CWNA Chapter 2 – Radio Frequency Fundamentals

My Study notes from Chapter 2 of CWNA Study Guide

RF Characteristics

  • Wavelength
    • A wavelength is the distance between the two successive crescents (peaks) or two successive throughs (valleys)


  • Frequency
    • Is how often an RF signal cycles in a certain time period
    • Standard measurement of frequency is hertz (Hz).

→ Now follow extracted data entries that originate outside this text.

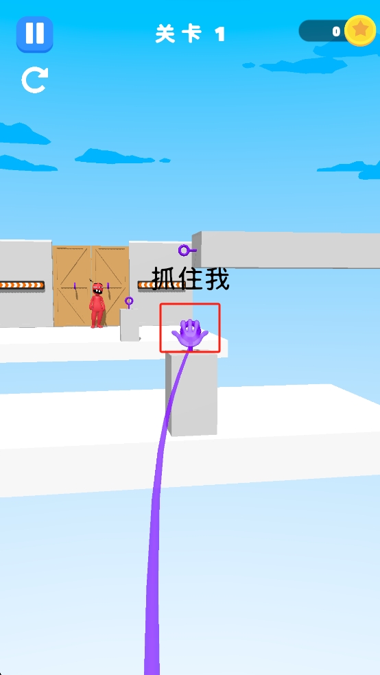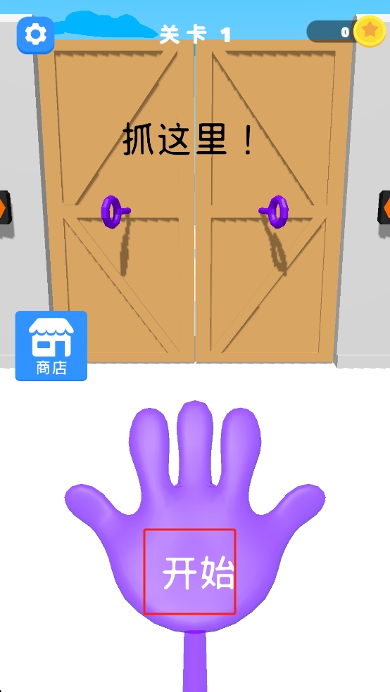 1、點擊紫色手掌上開始按鈕,操控紫色手掌瞄準門上紫色圓環(huán),按抓這里提示精準完成抓取動作開啟關卡挑戰(zhàn)。
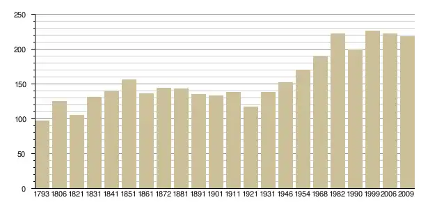 Динаміка населення (INSEE[5] і Cassini[6] ):
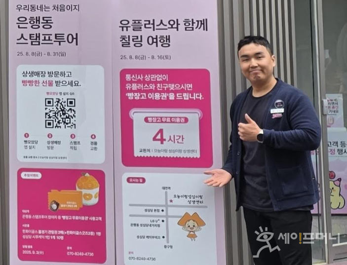오는 16일까지 대전 지역 LG유플러스 매장에서 친구 맺기를 한 고객은 지역에서 구매한 빵·케이크 등을 보관해주는 으능이랑 성심이랑 상생센터 4시간 무료 이용 쿠폰을 받을 수 있다.

An event that occurs once in a second has a frequency of 1 Hz.
      • 1 Hertz (Hz) = 1 Cycle per second
      • 1 Kilohertz (KHz) = 1000 cycles per second
      • 1 megahertz (MHz) = 1,000,000 (million) cycles per second
      • 1 gigahertz (GHz) = 1,000,000,000 (billion) cycles per second



  • Amplitude
    • The height of the wave.
    • Can be characterised simply as the signal’s strength or power


  • Phase
    • Is not a property of just one signal but instead involves the relationship between two or more signals that share the same frequency.

RF Behaviours

  • Wave Propagation
    • The way the wave moves is known as wave propagation.
    • This can vary drastically depending on the type of material the signal is traversing.
  • Absorption
    • Most common RF behaviour
    • If signal does not bounce off an object, move around an object, or pass through an object, then 100% absorption has occurred.
    • Most materials absorb some RF signal, the amount depends on the material.
  • Reflection
    • Most important RF behaviour to be aware of.
    • Causes serious performance problems in legacy 802.11a/b/g WLANs
    • When wave hits smooth object that is larger than the wave itself, dependant on the material the signal may bounce in another direction.
    • Two Types:
      • Sky wave reflection: Signals below 1 GHz – signal bounces off charged partials in the ionosphere in the earth’s atmosphere.
      • Microwave: 1GHz – 300 GHz, can bounce off smaller objects like a metal door
  • Scattering
    • Described as multiple reflections
    • Is reflection off an object with multiple sides (think mirror ball)
    • Two types:
      • Lower level has lessor effect on signal quality and strength
      • Second type occurs when RF signal encounters some type of uneven surface and is reflected into multiple directions (Chain link fences, wire mesh in stucco walls)
  • Refraction
    • Signal is bent into behaviour known as refraction.
    • when signal passes through a medium with different density thus causing the wave to change direction.
    • Three most common causes:
      • Water Vapour
      • Changes in air temperature
      • Changes in air pressure
  • Diffraction
    • Signal is bent around an object
    • Sitting directly behind the object is an area known as the RF shadow. Depending on the change in direction of the signal this area can become a dead zone of coverage.
  • Loss (Attenuation)
    • Decrease in amplitude
    • Signal may lose strength on the wire or in the air
    • Signal can be absorbed into materials it passes through.
  • Free Space Path Loss (FSPL)
    • Because of the laws of physics the signal will attenuate as it travels despite the lack of attenuation caused by obstructions, absorptions, reflection, diffraction and so on.
    • Loss of signal strength caused by the natural broadening of the waves.
  • Multipath
    • Occurs when 2 or more signals arrive at the receiving station at the same time or within nanoseconds of each other.
    • Four results of multipath
      • Upfade
        •  Multiple RF signal paths arrive at the same time and are in phase (phase differences of 0 to 120 degrees) will cause upfade
        • Results in increased signal strength
      • Downfade
        • Multiple RF signals arrive at the same time but are out of phase (phase difference of 121 to 179 degrees)
        • Results in decrease signal strength
      • Nulling
        • This is signal cancellation
        • Multiple RF signals arrive at the same time and are 180 degrees out of phase of each other
      • Data Corruption
        • Multiple signals arriving but not at the same time the receiver might have trouble demodulating the signal.
  • Gain (Amplification)
    • Increase in amplitude or signal strength
    • Two types:
      • Active – increase to signal on the transmitter or transceivers side through the use of an amplifier. IE more power is applied
      • Passive – done by focusing the antenna, the inner workings of the antenna make the signal stronger.